WHAT NEEDS TO BE DONE →
State the number of lines in the following data that include the word "Australian", with no other text.
══ MATERIALS PROVIDED ══
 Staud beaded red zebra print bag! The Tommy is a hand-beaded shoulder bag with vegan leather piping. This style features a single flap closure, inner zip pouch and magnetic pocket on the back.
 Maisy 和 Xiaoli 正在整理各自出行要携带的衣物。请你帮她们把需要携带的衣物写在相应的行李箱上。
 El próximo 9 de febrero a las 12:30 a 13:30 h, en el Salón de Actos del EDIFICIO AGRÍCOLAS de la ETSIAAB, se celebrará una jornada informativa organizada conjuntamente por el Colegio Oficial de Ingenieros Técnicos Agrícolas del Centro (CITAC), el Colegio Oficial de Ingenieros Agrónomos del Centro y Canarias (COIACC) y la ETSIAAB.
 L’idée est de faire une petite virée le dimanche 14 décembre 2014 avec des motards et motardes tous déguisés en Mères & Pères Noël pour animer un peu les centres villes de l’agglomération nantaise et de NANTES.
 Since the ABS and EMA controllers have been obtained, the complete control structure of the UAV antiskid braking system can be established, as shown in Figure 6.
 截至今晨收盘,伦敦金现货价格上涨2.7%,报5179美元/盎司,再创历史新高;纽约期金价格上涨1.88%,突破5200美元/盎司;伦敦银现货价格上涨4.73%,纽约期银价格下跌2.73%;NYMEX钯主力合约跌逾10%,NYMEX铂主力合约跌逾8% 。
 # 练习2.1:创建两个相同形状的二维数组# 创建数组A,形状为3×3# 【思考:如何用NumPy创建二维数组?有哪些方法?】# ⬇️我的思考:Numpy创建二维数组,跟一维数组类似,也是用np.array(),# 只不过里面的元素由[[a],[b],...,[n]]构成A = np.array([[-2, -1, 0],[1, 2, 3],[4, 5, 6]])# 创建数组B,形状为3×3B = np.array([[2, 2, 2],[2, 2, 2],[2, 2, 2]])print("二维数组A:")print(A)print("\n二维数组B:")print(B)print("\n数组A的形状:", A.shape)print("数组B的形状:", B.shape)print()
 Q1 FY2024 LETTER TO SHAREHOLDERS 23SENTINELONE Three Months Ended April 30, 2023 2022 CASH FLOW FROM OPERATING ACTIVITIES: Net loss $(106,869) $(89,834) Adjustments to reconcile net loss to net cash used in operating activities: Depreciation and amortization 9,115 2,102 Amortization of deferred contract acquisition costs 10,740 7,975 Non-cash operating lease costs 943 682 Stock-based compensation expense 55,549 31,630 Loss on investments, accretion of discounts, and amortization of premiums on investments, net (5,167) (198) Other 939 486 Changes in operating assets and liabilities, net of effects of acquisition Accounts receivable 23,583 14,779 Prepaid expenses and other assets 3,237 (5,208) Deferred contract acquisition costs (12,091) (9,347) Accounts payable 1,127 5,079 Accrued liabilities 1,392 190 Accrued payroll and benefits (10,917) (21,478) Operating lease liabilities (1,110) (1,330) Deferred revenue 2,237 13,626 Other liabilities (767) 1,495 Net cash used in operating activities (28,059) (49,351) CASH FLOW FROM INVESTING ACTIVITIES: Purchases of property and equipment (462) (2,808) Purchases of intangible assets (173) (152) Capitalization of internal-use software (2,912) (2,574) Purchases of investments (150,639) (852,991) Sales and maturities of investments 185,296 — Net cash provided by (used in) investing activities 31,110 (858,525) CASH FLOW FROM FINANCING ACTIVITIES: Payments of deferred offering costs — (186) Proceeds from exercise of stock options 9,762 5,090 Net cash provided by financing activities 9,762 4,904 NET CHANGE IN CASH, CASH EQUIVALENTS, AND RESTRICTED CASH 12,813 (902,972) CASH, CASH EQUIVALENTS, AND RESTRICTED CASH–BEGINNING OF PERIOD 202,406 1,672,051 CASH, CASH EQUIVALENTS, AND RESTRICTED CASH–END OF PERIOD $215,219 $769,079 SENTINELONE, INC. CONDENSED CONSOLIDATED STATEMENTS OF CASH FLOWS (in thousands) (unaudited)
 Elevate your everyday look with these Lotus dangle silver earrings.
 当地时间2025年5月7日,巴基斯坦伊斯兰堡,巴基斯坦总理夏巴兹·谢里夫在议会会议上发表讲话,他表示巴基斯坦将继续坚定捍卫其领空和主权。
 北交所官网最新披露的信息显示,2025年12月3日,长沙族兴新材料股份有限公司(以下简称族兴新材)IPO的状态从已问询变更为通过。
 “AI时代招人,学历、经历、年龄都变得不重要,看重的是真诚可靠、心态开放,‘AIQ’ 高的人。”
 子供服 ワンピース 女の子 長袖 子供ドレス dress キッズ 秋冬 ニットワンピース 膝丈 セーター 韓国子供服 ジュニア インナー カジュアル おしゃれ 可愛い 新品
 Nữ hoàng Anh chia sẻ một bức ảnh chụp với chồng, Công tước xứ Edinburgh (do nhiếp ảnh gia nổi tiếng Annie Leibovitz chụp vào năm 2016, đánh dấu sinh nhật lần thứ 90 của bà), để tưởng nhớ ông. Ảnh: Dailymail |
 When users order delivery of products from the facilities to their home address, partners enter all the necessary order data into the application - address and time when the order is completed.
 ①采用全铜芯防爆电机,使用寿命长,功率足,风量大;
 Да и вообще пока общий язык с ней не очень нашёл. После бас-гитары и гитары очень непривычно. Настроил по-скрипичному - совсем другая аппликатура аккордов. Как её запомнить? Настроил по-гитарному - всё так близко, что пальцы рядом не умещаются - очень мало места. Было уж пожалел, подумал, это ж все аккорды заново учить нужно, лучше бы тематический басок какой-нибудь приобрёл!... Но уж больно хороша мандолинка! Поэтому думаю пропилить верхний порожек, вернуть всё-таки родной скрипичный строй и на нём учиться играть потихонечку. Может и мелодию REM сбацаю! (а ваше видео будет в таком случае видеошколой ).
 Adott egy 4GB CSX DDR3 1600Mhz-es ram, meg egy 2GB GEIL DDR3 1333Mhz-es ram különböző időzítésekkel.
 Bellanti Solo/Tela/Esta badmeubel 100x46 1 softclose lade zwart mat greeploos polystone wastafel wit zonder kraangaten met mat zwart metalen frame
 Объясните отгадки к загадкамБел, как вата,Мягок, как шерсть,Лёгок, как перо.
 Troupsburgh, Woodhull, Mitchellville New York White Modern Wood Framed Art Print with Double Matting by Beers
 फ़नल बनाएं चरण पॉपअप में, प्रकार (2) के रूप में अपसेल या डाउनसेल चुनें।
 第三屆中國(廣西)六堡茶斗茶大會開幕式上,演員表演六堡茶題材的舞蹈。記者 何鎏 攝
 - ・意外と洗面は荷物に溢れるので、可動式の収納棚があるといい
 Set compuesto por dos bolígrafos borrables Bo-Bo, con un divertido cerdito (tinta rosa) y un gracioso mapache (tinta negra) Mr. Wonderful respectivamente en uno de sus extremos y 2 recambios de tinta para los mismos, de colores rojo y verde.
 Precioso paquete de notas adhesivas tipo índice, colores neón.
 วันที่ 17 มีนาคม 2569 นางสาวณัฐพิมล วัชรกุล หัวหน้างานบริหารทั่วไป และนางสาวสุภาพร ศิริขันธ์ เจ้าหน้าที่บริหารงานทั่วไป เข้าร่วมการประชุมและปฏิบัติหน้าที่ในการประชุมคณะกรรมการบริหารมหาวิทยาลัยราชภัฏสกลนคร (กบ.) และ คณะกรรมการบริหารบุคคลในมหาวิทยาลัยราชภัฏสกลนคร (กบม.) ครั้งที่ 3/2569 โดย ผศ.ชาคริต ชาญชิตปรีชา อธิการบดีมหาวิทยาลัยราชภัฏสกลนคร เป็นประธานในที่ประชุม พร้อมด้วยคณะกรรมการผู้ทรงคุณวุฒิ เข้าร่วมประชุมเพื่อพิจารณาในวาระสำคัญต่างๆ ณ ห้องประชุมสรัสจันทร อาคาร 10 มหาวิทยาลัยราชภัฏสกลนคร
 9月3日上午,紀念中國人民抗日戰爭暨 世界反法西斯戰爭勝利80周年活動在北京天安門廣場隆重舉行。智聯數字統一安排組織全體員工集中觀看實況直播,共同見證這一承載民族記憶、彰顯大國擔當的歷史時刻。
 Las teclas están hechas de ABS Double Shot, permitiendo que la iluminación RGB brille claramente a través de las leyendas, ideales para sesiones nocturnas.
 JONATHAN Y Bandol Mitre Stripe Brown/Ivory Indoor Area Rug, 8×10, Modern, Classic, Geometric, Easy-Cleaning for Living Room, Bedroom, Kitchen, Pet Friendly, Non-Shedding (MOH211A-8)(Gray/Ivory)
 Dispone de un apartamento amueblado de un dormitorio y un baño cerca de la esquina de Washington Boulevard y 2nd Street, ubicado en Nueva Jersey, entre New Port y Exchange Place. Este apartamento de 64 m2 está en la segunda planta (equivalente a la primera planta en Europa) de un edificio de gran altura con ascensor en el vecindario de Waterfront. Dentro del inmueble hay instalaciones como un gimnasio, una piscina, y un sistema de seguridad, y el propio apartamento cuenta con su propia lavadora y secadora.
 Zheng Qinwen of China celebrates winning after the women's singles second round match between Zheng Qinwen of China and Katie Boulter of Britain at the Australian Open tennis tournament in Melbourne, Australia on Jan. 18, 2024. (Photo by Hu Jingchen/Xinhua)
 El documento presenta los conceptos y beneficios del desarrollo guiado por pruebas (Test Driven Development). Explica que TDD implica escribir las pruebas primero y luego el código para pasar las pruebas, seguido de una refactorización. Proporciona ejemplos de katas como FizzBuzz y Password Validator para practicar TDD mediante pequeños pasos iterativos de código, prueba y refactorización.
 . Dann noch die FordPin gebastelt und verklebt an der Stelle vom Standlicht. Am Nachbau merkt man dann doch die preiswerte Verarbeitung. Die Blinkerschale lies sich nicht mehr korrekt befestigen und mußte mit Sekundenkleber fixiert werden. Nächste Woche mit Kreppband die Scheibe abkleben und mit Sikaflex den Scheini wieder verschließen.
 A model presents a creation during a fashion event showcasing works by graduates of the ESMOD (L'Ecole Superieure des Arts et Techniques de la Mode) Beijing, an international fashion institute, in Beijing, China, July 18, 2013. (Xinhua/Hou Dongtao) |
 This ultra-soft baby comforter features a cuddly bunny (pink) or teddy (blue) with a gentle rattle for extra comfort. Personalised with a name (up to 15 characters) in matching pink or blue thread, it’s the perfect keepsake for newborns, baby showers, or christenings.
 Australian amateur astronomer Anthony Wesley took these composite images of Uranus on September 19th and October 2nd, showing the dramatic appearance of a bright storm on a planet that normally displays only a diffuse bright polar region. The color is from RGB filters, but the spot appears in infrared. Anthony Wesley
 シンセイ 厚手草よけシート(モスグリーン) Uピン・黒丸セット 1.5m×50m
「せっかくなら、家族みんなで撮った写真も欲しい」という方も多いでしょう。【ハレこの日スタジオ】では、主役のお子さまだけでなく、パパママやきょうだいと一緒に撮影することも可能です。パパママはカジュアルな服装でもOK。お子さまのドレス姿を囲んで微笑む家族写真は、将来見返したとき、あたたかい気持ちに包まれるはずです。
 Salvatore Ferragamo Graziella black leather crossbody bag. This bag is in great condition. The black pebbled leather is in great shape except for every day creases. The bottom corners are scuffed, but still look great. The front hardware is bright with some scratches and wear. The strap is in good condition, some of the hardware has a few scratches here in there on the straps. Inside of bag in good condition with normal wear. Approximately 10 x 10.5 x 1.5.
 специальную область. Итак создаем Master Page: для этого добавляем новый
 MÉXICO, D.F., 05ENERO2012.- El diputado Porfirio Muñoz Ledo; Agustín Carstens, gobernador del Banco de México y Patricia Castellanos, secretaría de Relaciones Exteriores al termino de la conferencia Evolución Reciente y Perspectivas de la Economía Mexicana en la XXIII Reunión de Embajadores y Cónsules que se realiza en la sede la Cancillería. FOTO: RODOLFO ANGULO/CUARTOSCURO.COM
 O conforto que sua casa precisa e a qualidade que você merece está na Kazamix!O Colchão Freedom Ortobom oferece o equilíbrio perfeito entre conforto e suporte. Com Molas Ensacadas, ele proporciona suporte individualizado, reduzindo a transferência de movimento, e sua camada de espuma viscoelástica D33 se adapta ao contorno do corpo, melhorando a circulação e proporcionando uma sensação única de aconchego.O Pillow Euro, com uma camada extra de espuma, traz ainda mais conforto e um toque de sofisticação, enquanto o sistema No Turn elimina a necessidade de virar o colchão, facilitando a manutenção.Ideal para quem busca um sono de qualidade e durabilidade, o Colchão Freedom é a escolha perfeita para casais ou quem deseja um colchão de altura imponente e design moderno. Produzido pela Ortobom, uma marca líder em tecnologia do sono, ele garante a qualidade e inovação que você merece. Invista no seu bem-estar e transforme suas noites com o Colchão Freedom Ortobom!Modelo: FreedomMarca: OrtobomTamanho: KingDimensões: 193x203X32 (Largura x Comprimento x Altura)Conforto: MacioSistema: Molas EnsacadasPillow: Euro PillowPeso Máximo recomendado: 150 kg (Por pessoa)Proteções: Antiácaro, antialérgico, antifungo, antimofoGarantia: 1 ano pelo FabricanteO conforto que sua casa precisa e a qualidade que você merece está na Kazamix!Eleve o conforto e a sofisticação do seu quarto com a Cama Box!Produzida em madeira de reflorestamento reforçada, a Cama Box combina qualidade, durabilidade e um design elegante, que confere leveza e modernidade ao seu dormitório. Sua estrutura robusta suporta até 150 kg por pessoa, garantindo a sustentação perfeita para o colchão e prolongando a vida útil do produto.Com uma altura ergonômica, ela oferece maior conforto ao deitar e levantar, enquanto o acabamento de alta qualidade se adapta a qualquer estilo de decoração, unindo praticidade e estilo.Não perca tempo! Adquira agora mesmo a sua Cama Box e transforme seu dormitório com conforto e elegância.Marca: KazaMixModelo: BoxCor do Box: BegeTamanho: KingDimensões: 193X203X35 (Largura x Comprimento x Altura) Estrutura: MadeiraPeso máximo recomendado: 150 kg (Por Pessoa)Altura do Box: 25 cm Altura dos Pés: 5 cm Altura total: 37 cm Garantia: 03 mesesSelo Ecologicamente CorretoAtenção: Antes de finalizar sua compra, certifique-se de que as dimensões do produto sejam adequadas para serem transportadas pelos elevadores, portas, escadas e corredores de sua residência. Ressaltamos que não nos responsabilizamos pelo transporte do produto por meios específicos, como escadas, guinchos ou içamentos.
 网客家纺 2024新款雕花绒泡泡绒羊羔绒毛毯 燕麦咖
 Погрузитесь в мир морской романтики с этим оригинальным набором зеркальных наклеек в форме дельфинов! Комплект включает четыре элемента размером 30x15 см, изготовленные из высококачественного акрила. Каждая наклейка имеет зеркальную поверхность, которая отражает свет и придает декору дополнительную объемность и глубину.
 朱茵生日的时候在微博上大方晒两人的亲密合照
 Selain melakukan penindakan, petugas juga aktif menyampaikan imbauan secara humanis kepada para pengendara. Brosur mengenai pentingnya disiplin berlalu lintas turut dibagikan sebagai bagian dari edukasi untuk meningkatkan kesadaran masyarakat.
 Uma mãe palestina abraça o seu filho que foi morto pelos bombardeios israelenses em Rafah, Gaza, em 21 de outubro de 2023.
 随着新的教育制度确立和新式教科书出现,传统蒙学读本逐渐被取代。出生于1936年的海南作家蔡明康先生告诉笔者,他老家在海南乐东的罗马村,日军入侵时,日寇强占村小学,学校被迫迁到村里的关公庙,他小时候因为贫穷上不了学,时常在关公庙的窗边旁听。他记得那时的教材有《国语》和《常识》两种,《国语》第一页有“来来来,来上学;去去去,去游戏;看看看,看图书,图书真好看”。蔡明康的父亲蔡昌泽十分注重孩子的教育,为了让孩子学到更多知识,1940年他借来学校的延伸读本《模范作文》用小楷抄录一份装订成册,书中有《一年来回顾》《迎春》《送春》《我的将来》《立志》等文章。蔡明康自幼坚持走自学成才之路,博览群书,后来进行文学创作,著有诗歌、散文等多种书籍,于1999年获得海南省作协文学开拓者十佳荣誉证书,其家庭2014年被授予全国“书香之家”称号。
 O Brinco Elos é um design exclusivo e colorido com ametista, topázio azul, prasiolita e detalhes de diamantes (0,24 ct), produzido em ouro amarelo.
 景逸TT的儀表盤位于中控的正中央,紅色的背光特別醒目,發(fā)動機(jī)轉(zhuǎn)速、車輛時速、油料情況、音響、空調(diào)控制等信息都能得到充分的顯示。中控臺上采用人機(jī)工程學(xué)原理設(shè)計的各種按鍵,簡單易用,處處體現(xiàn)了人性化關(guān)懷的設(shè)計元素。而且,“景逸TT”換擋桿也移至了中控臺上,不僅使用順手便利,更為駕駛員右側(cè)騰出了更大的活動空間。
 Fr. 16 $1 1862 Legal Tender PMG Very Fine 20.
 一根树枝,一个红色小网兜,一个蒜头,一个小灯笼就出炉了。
═══
WRITTEN ANSWER →
2